Christine Lagarde

Christine Lagarde

President, European Central Bank
IMF Chief Christine Lagarde Visits Fox Business Network

When Christine Lagarde became the first female president of the European Central Bank in November, replacing the hugely influential Mario Draghi, the 64-year-old Parisian confirmed her status as one of the most powerful women in the world. But Lagarde already had a string of “female firsts” to her name.

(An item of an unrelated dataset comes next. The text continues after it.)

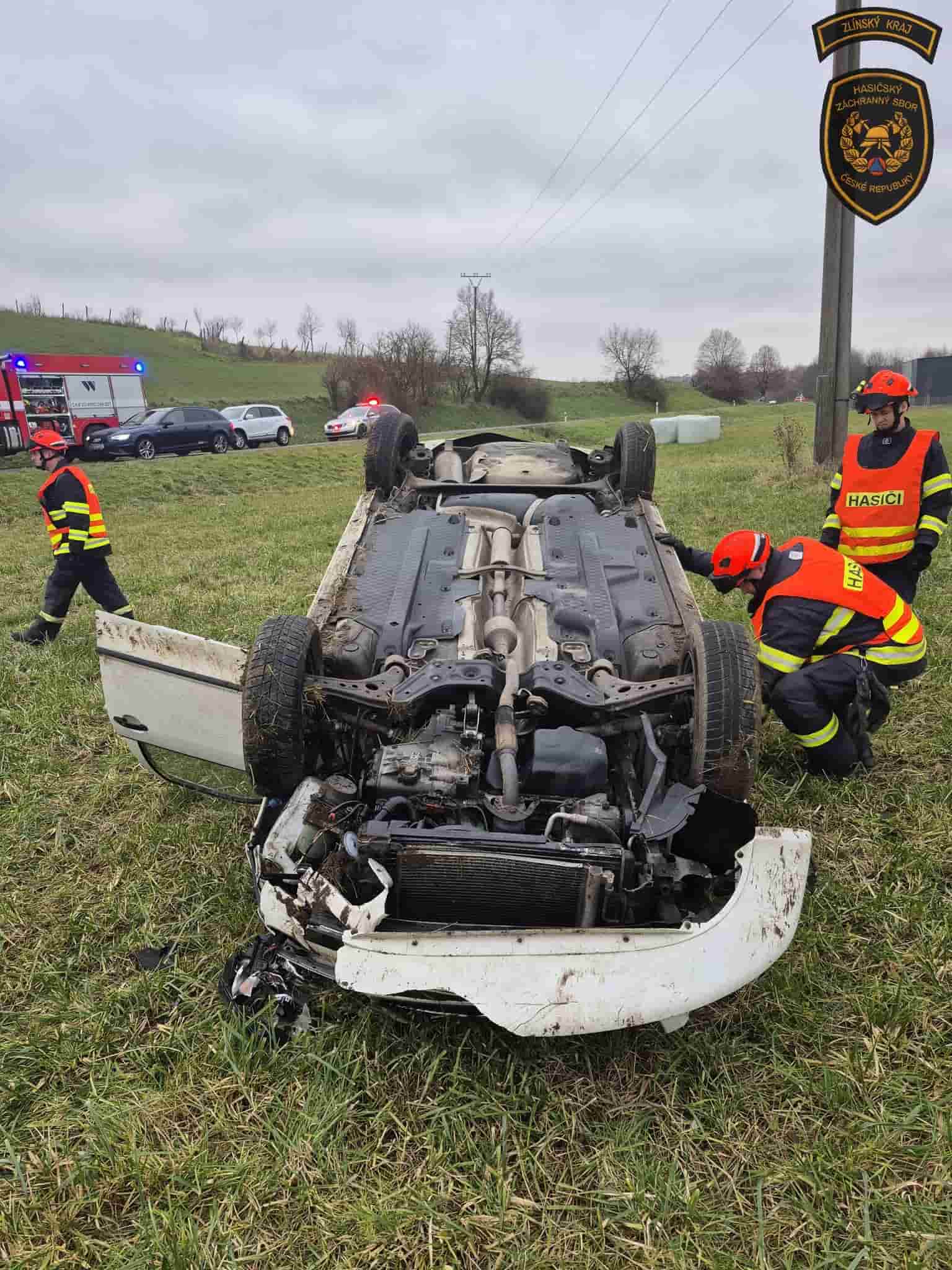 Převrácené auto způsobilo zranění. Zásah hasičů zabránil dalšímu riziku

The daughter of two academics, Lagarde grew up and was educated in Le Havre and Paris, France. In October 1999, she became the first woman to chair a major international law firm, Chicago-based Baker & McKenzie. She served as France’s trade minister from 2005 to 2007, then finance minister—the first female finance minister of any G8 country—from 2007 to 2011. She was then tapped to run the International Monetary Fund when her predecessor, Dominique Strauss-Kahn, was alleged to have sexually assaulted a maid in a New York hotel; the job was another first for a woman. During Lagarde’s tenure, the IMF helped steer Europe through the global financial crisis, approved a $56 billion bailout to Argentina and took progressive positions on economic inequality, global tax reform and climate change, issues she’s already indicated she’ll push the ECB to address. In another sign of how she’s embracing her new job, Lagarde has declared that she’s learning to speak German, the language of Europe’s biggest economy.